Plan and create the ability to assess the old consultancy model vs. the new project model. This will be especially important when individuals are spending part of their time in each area.
Create a set of metrics for each business – the consulting and project businesses – to measure whether they are on track. Identify and monitor the drivers for each business.
Keep the title Consultant on consultants’ business cards – Consultant, Sr. Consultant, etc. Allow them to continue to take pride in their role.
Move to the new model through a planned phase-in but retain the option to adjust the speed of transition between the old and new models. This will allow sensitivity to changes in the environment.
Don’t consider an immediate and complete rebranding – think in terms of introducing a new product under the company’s well-known brand. Plan a gradual transition of business to the new model. Introduce the new product as a new offering. As it picks up steam, gradually move brand identification and promise to the new model.
For the new project model, create incentives for project performance. Show team members that while the hourly rate may be less, if they perform as a team they will share the upside through project bonuses.
Situation: An acquired company is poised for dramatic growth. The corporation that acquired them has questions about the current team’s capability to realize planned growth, and achieve their financial and operational targets. How can they assess whether the existing team is up to the task?
Advice from Gene Tange:
Think of this as an assessment process that accurately predicts the ability of the leadership team to realize planned outcomes while maturing key business processes. The leadership team is tied to both financial and operational outcomes that cover competence, continuity and alignment. This enables proactive management of organizational changes to support planned growth of the business. A real life example will illustrate the steps of the process.
The starting point was whether the current CEO had the right compliment of skills and capabilities to lead a high performance team. Could this leader see beyond the current stage of growth in terms of the talent and processes required for growth? Could he build a high performance team, align them and retain them to achieve results?
The CEO then laid out the future state organization. The essential question was whether he had teams of leaders in each of the key functions to assure success.
Specifically, the Product Development Team generated a competitive analysis comparing the current product with all others to assure a 2 year competitive advantage. They were also tasked with improving cost of manufacturing.
The Sales Team installed an integrated CRM system to support large orders, including internal cross functional communication to increase customer visibility and satisfaction scores.
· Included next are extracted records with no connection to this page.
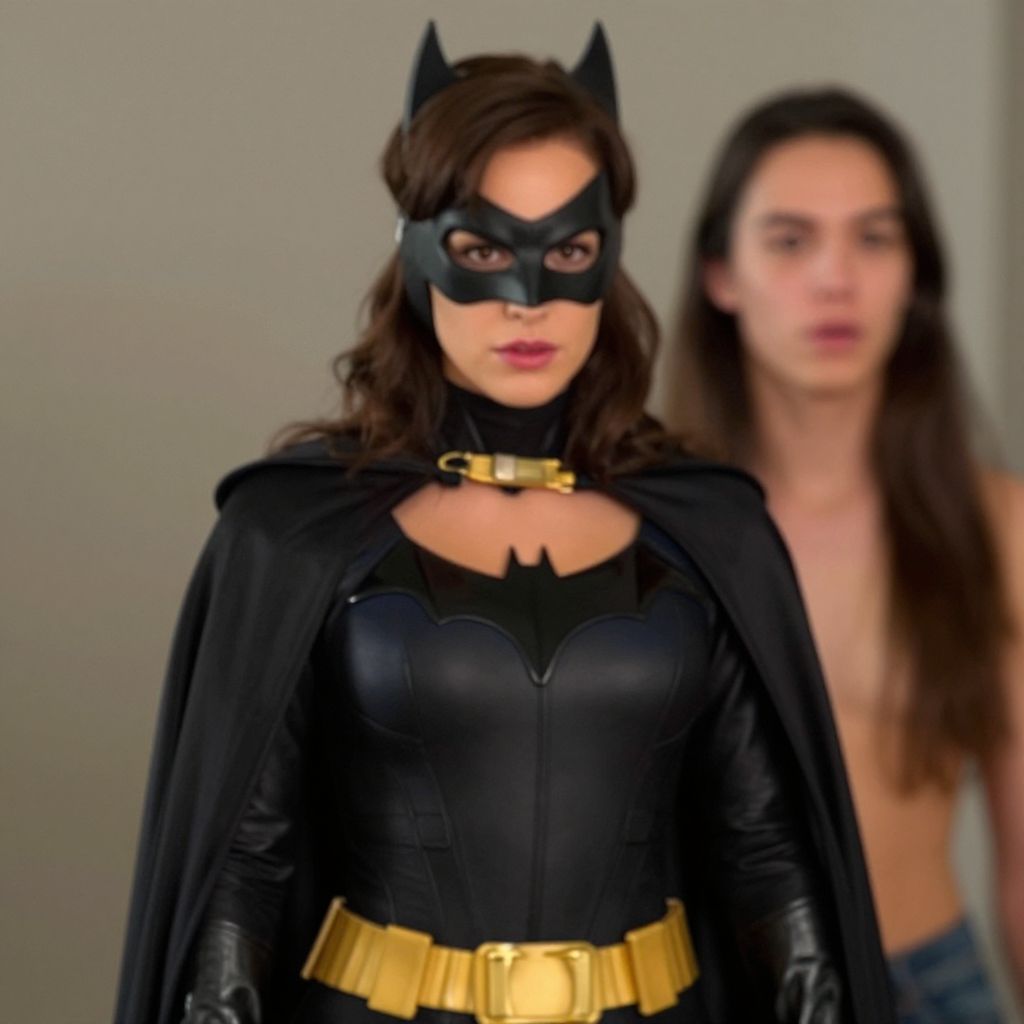"bombshell batgirl costume, 1girl, cape, solo, mask, boots, gloves, bodysuit, superhero, belt, black cape, full body, looking at viewer, breasts, standing, lips Realistic photo of casual sexy person with pretty face"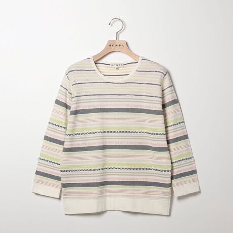 マルチカラーのボーダーで華やかな表情に仕上げたニットトップス。コットンを使用したジャカードニットは、肌当たりの良さも満点です。開きが控えめなボートネックが、上品な着こなしを演出。身頃に適度なゆとりがあり、バランスの取れたスタイリングを楽しめます。ボーダーながらもカジュアルになりすぎないのが魅力です。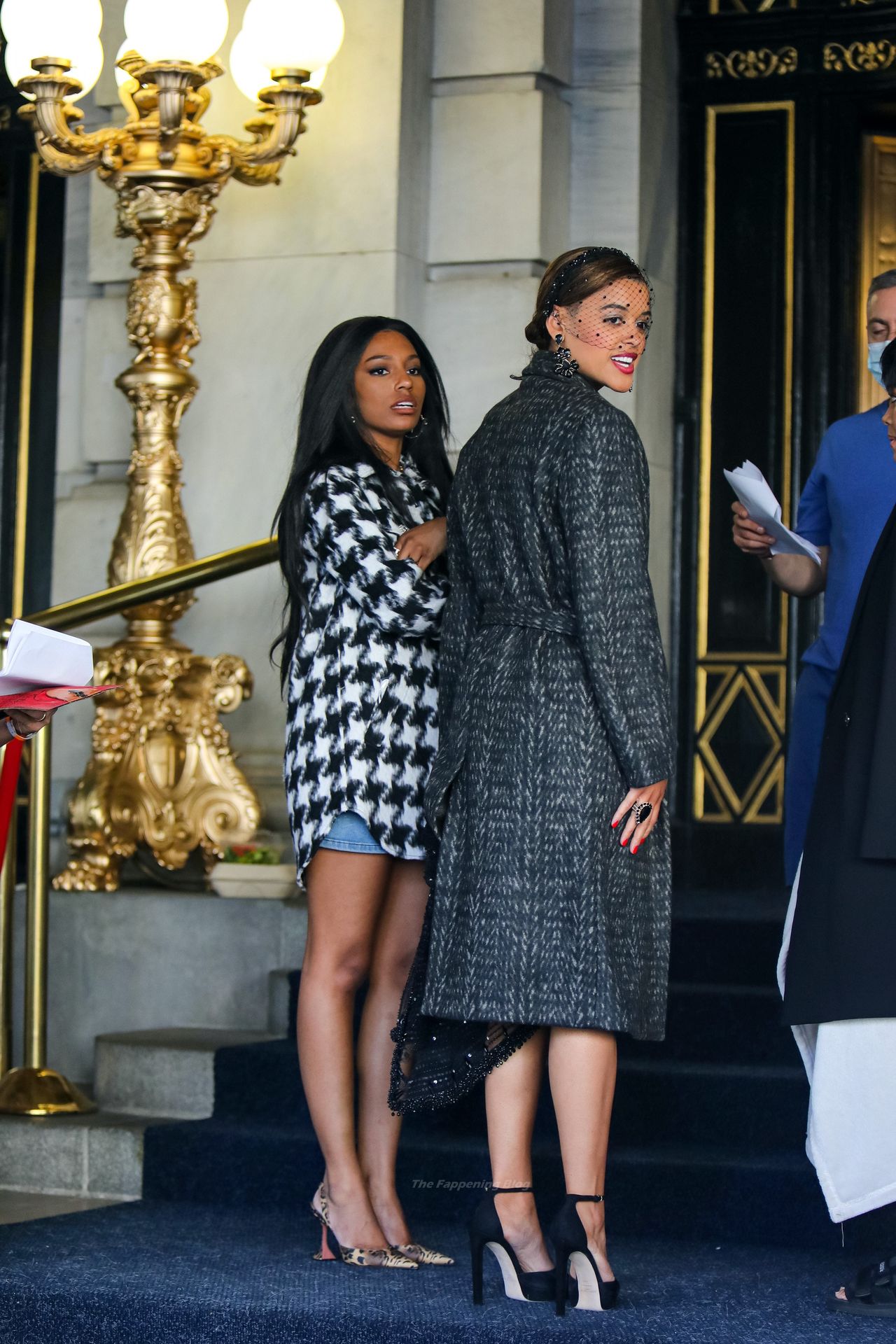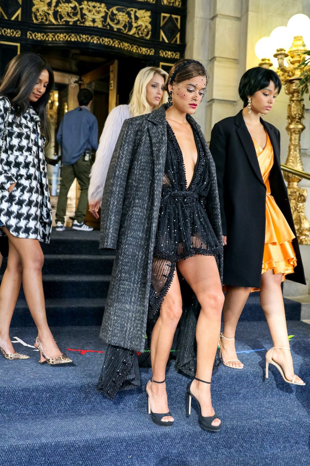 As atrizes de pernas longas Jordan Alexander e Whitney Peak foram vistas no set de filmagem da série de TV Gossip Girl em 23 de junho de 2021, na cidade de Nova York.
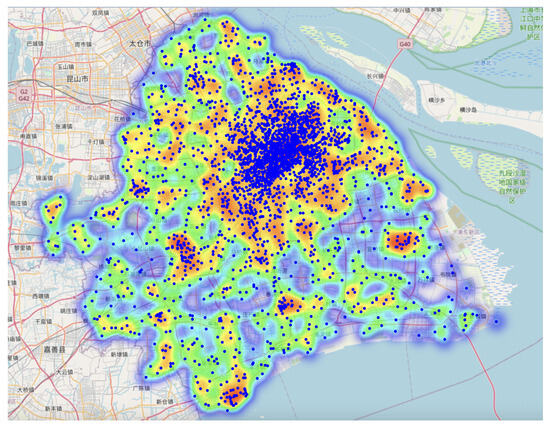Deployment of the 3233 base stations from the dataset over the city of Shanghai.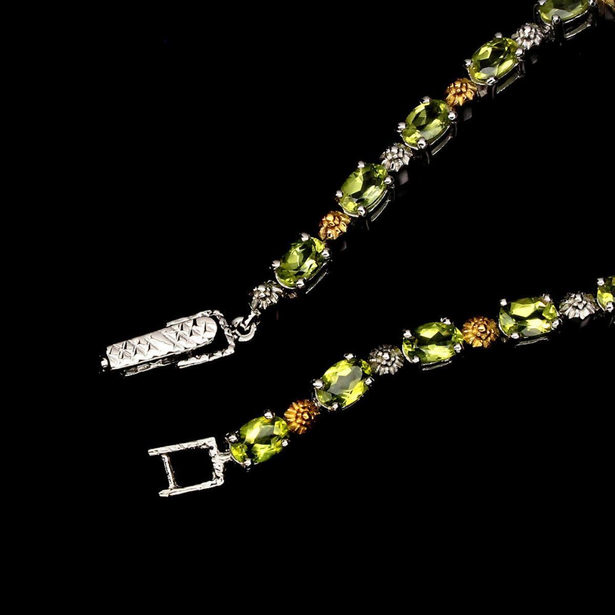 925 STERLING SILVER;PLATE2-TONE WHITE & YELLOW 14K GOLD;LENGTH (INCHES)7MAIN STONEPERIDOT;OTHER GEMS;TOTAL WEIGHT65.21 CT (TOTAL WEIGHT OF SILVER + STONE)DIMENSION* STONE 6.0 X 4.0 MM. * FACE BRACELET 160.0 X 5.0 MM.MAIN STONE SHAPEOVAL CUT;MAIN STONE COLORTOP RICH GREEN;CLARITY/GRADEIF TO VVS;LUSTERRAVISHING;TREATMENTUNHEATED;ORIGINPAKISTAN;HARDNESS6.5 - 7.0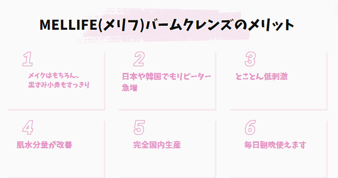 | MELLIFE(メリフ)バームクレンズのメリット | ★メイクはもちろん、 ★日本や韓国でもリピーター急増 ★とことん低刺激 ★肌水分量が改善 |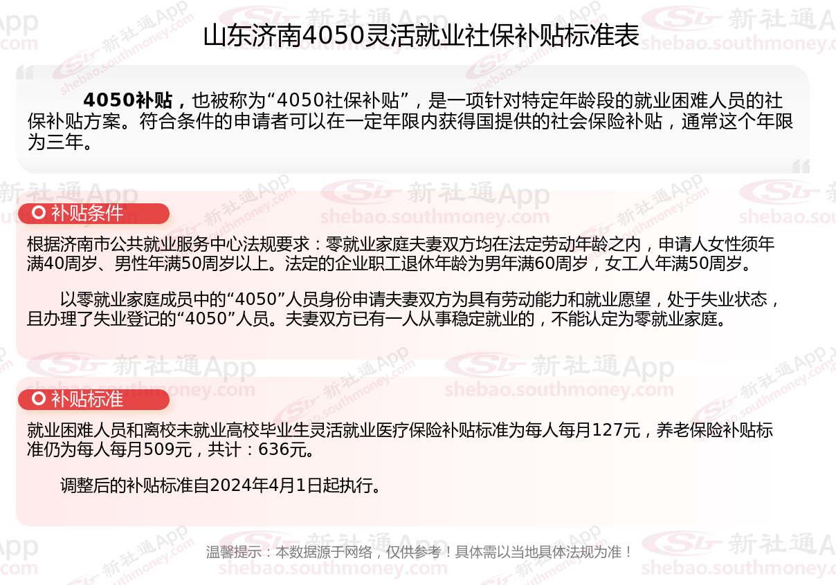 2025山东济南4050补贴主要针对的是年龄在40岁以上的女性和50岁以上的男性,这些人群通常因为年龄较大而面临就业困难。

The Operations organization moved from a traditional batch manufacturing process to a state of the art, focused factory organization, eliminating WIP, reducing operational costs and increasing the speed of order to delivery.
Finally, the Finance and Administrative functions were assessed.
As a result, in 16 months the company grew 5x in revenue and increased margins. Time from order to delivery was reduced by 16x. Headcount was reduced while shipping volume increased by 5x.
A disciplined assessment process that predict business outcomes and ties your talent to the bottom line can provide a significant advantage in today’s highly competitive environment.